Restoring Gulf of Mexico tuna and swordfish

Published by FiskerForum, 12-01-2018 · info@fiskerforum.dk

A small group of pelagic longline fishing vessel owners will take a six-month voluntary break, but will continue to fish with alternative gear, improving populations and supporting supply chains as NOAA and the National Fish and Wildlife Foundation kicked off 2018 with the second round of the Oceanic Fish Restoration Project.

The project aims to restore some of the damage resulting from the 2010 Deepwater Horizon oil spill in the Gulf of Mexico. Ten fishing vessel owners from Florida and Louisiana will take a break, also known as a repose, from using pelagic longline fishing gear for the next six months.

During those months, project participants have the option to harvest highly migratory species such as yellowfin tuna and swordfish using alternative fishing gear that results in low by-catch and fish mortality.
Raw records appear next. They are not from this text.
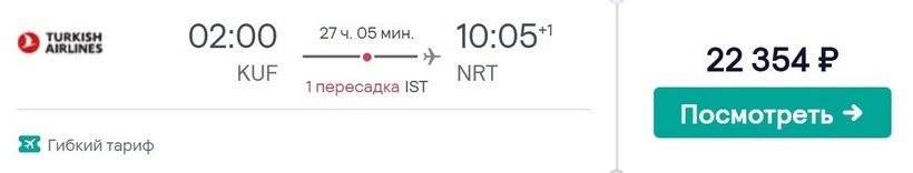За сутки с небольшим до места назначения доберетесь с Turkish Airlines. Вариант перелета с турецким авиаоператором подойдет тем, кто по пути в Токио не против провести некоторое время в Стамбуле. Пересадка здесь длительная — 12 часов. За это время можно, например, съездить на бесплатную обзорную экскурсию по городу, которую организовывает Turkish Airlines для пассажиров, у которых стыковка длится более 6 часов. Стоимость перелета Самара — Стамбул — Токио за 2,5 месяца до вылета — от 22300 рублей.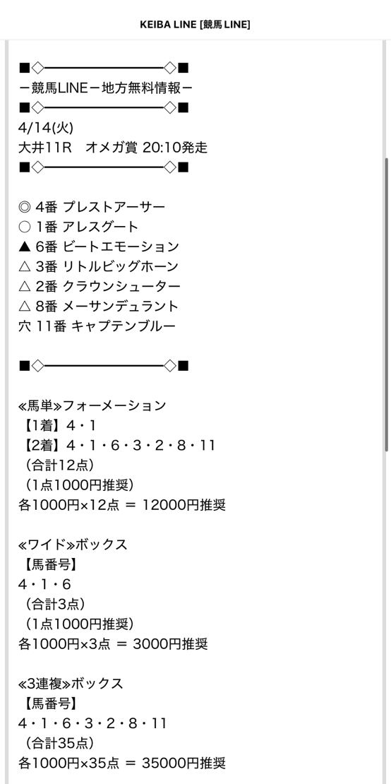 【優良】KEIBALINEへのクチコミ
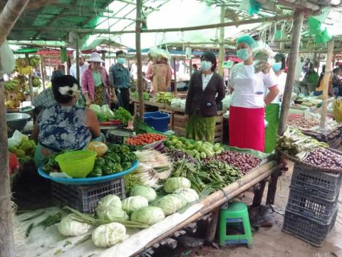 ကဝမြို့နယ် စည်ပင်သာယာရေးဈေးအတွင်း ကိုဗစ်-၁၉ရောဂါ ကြိုတင်ကာကွယ်ရေး သတ်မှတ် စည်းကမ်းချက်များနှင့်အညီ ဖွင့်လှစ်ရောင်းချရန်နှင့် Mask တပ်ဆင်ရန် စစ်ဆေး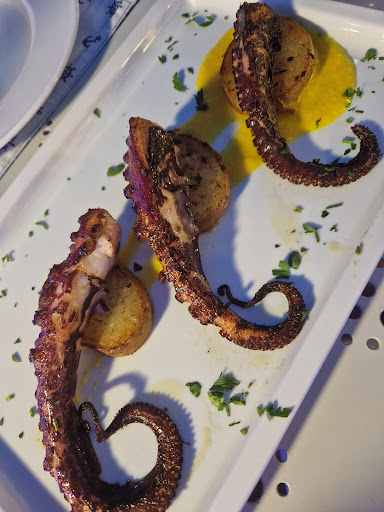 Read morePosto con posizione incantevole, ambiente demode. Servizio buono. Un po pretenzioso . Questo il motivo delle 2 stelle: purtroppo il mangiare assolutamente non all'altezza della reputazione ma soprattutto del prezzo. Dopo aver preso due antipasti, per altro Buoni, abbiamo preso quattro secondi. Di cui un involtini di spada ed un branzino fresco, un filetto di orata ed una grigliata mista. La grossa delusione l'involtino di spada il quale era degno di un ottimo sofficino, in pratica era esterno di spada con ripieno di mozzarella. Il branzino al forno fatto allisolana, cotto troppo e poco saporito. Il filetto anch'esso troppo cotto e poco saporito. Buona invece la grigliata. Senza vino. Il tutto a 50 € a testa. Considerando che mi era stato vivamente consigliato,...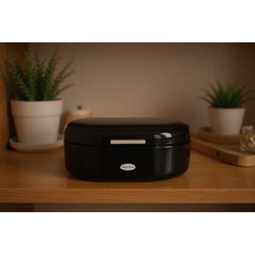E bërë nga metal cilësor me veshje zinku dhe kapak të qëndrueshëm, ajo mban bukën dhe produktet e pjekura të freskëta për më gjatë, duke qenë një element i domosdoshëm për çdo kuzhinë bashkëkohore.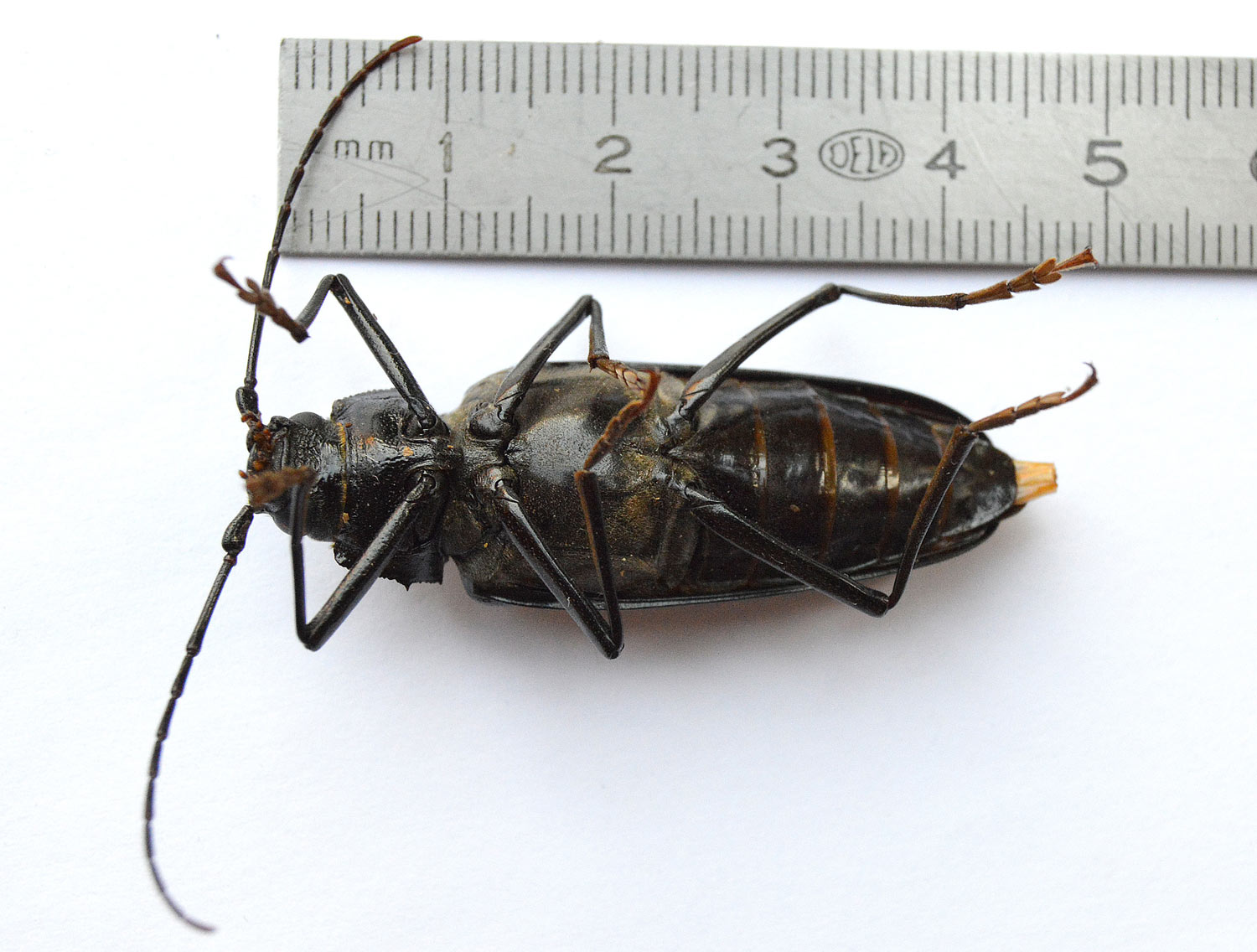 Según las fuentes, el imago del escarabajo carpintero pueden medir entre 30 y 60 milímetros. El ejemplar hembra de las imágenes mide cerca de 45 (figuras 2 y 3). Con estas considerables medidas, está considerado uno de los mayores escarabajos de Europa. De hecho, parece que es el segundo de mayor tamaño, por detrás del ciervo volador (Lucanus cervus). Su alimentación y vida es discreta. La larva se alimenta de madera en descomposición. Nunca de madera viva. Su ataque, como el de otros cerambícidos parecidos, no pasa desapercibido por las grandes perforaciones que deja el imago al salir. Seguramente, paseando por la montaña hayáis visto un tocón o tronco caído con unos agujeros de unos 2 centímetros de diámetro [1].

Sea turtles and marine mammals, as well as other oceanic fish, have a better chance of surviving if accidentally caught with these alternative gears.

Participating vessel owners also get financial compensation to help offset lost revenue during the repose.
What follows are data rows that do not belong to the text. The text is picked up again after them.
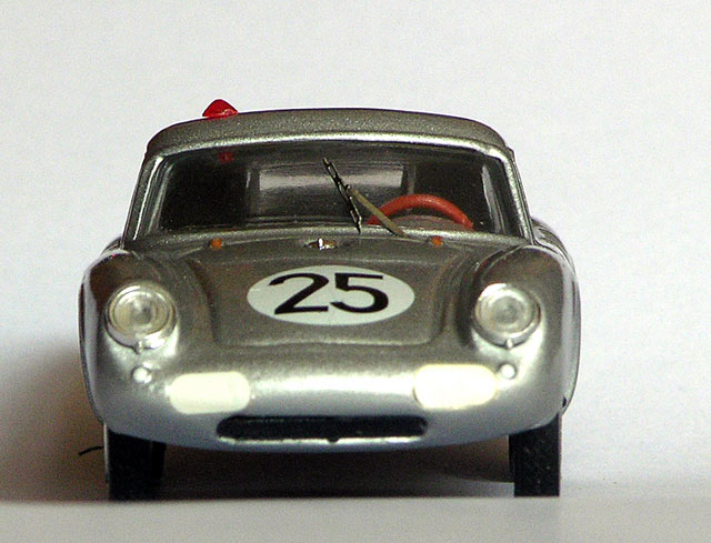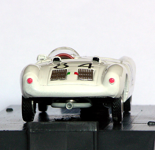 Vettura 5a a Le Mans 1956 e prima di classe. I piloti erano Von Trips e Von Frankenberg. Modello Brumm non malvagio, anche qui ho sostituito il tergi con uno semi-costruito da me. Franco. Chiave a sinistra,contagiri al centro e via andare...! Sempre in testa a tutti... ma con le mutande di latta!!!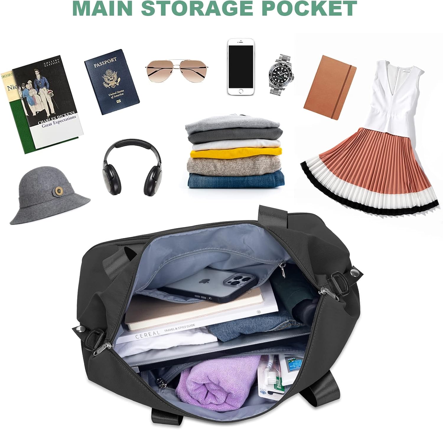 【DRY AND WET SEPARATION WEEKEND BAG】The principle compartment of the hand baggage bag may be very spacious, there’s a high-density waterproof moist pocket inside the primary compartment, you’ll be able to put a moist towel or toiletries.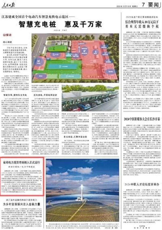人民日報:省間電力現貨市場轉入正式運行 推動全國統一電力市場建設

‘We understand that fishing businesses and communities depend on these oceanic resources, which are also critical components of the Gulf ecosystem,’ said Chris Oliver, Assistant Administrator for NOAA Fisheries. ‘Exciting innovations in gear reduce by-catch and restore fish populations, keeping local economies and the environment healthy.’

Throughout the project, NOAA Fisheries and the NFWF will continue working with participants, suppliers and researchers to improve results of the alternative gear and enhance product quality of caught fish.

Based on feedback from the 2017 pilot year, changes were made to add more at-sea days to fish using alternative gear, additional training to improve gear use, and more gear choices.

‘We had the opportunity to learn from the pilot, and through partnerships and engagement, made key enhancements to improve the project both for volunteer participants and members of the local supply chain,’ Chris Oliver said.

At the completion of the pilot year, all seven participants felt the experience was a positive one.

‘I found it very rewarding to be a part of the research and experiment with the new gear as well as to be a part of something that could help restore fish in the Gulf,’ one of the participating vessel owners commented

The project was included as one part of early restoration for the 2010 Deepwater Horizon oil spill. It is managed by NOAA Fisheries as one of four federal Open Ocean trustees working together on to restore habitat and fish, marine mammals, sea turtles and others in and around the Gulf of Mexico.